SparkFun Forums

[Oznog]

Well, I certainly need the PIC there, it also needs to send out and receive a 22kHz tone on the output for communication with the DUT. If it doensn't work good enough, I'll use a low pass on the PWM output, 0-5V to control a specific IC (if not too expensive).

Well keep in mind you have 2 PWM outputs but both their periods are tied to TMR2 which limits your options.

Oh yeah, you may want to look carefully at how much noise the buck converter makes on the power supply with these 1 amp current switching at 8KHz. You may want an LC filter on the input rather than just a cap.

In fact, I would question whether the LC filter on the output is useful. The buck converter is itself an LC filter so it's kind of doubling up. Wouldn't just using larger values for L2/C8 provide additional smoothing better than adding additional L & C components? The real problem here is the delay problems if you're trying to sense the voltage at "Output" causing oscillation.

[Naftie]

It works
Today the emulator from microchip came in (ICE 2000), that's really Xtremely impoving debugging.

Now I have with 8kHz PWM, from 0 to 25.5V and with the LCLCfilter shown in the scheme the following results:

• wanted output = 13V (about halfway the range, 0.1V steps)
  going from current = 0.45A to 0A
  longest stabilizing time = 500ms
  upwards peak = 2.5V
  (PIC oscillator 8MHz internally)

With lower currents ist a bit better (peak lowers much, but time doesn't go below 350ms), and going from 0 to some current stays at around 450ms.
And that all superstable 8) .

The trick was that I corrigate big changes at max speed, and when the output comes nearer than 2V to the desired value, I use steps of 1.
This step of 1 is delayed, withouth delaying the response to big changes. Therefore when it changes a step of one, the next 10 times I don't change if i still are no more than 2V away of the desired value. If the difference is greater, it will just change the value.

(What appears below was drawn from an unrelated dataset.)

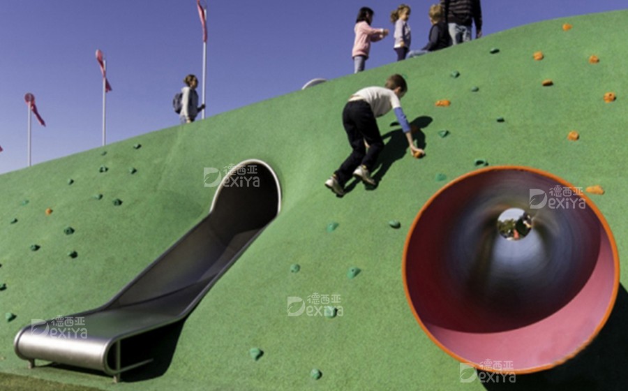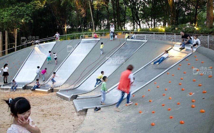 组合滑梯是现在很多游乐园,公园或者小区都有的儿童无动力游乐设备,这种设备结合了攀登,爬行,滑动等行为,不仅可以训练孩子的眼手脚协调性,还可以刺激脑垂体,增强平衡性。同时,它也能很好的培养孩子竞争和合作性,孩子在前前后后排队上滑梯或者玩耍的时候,跑得快的孩子往往能获得更多的玩耍滑动机会,无形中就会增加孩子们潜意识的竞争性;如果孩子们在玩耍过程中,进行了小队分组模式,不同小队之间还能形成一种游戏模式的竞争,而其内部小组中则会涉及到合作模式。这些人与人之间的相处方式,都可以通过儿童游乐设备将孩子们连接起来,形成儿童的游乐社交。

@spcutler: I'm really sorry for hijacking your topic, but now you know it's possible. If you want the sourcecode of the supply regulator, just ask. The comments are mainly in dutch (I'm a Belgian), and it's written in assembly. But It shouldn't be too hard to understand.

[spcutler]

@spcutler: I'm really sorry for hijacking your topic, but now you know it's possible.

No problem at all! In fact, I couldn't have hoped for a more useful discussion. I've just been sitting back and trying to absorb it all.

I would love to take a look at the source, even in Dutch. I'll send you a PM with my email address.

Much thanks go to you, Oznog, and SOI_Sentinel for an extremely informative discussion.

-Scott

[Naftie]

Here you go, this is the code for my switching supply. I've made also a change to the hardware, a resistor of 10k with a condensator of 100pF in parallel is now used instead of the resistor of 680 ohms. That seems to work good enough.

Code: Select all

;PIC 16F88 at 8MHz internal oscillator

;this is a macro:
t0p2	macro	;timer 0 instellen op prescaler 4
	bcf	OPTION_REG,PS2
	bcf	OPTION_REG,PS1
	bcf	OPTION_REG,PS0
	endm



main
	movlw	.130		; 13 volts is the wanted value, 0-25.5V makes it this easy
	movwf	U
mainlus
;put in whateaver you want to add to the regulator, for example I²C to receive wanted value
	call	regellus
	goto	mainlus


;This is the regulatig loop (= regellus) to measure the output, make an average of the 
;measurements, and change the PWM according to the difference.
regellus
	t0p2	; this is a macro, to set prescaler of timer0 to 2
	movfw	U
	movwf	PWMv	;set wanted value in PWMv
	movwf	PWMverschil	;To use it, I put wanted value in PWMdifference(=verschil)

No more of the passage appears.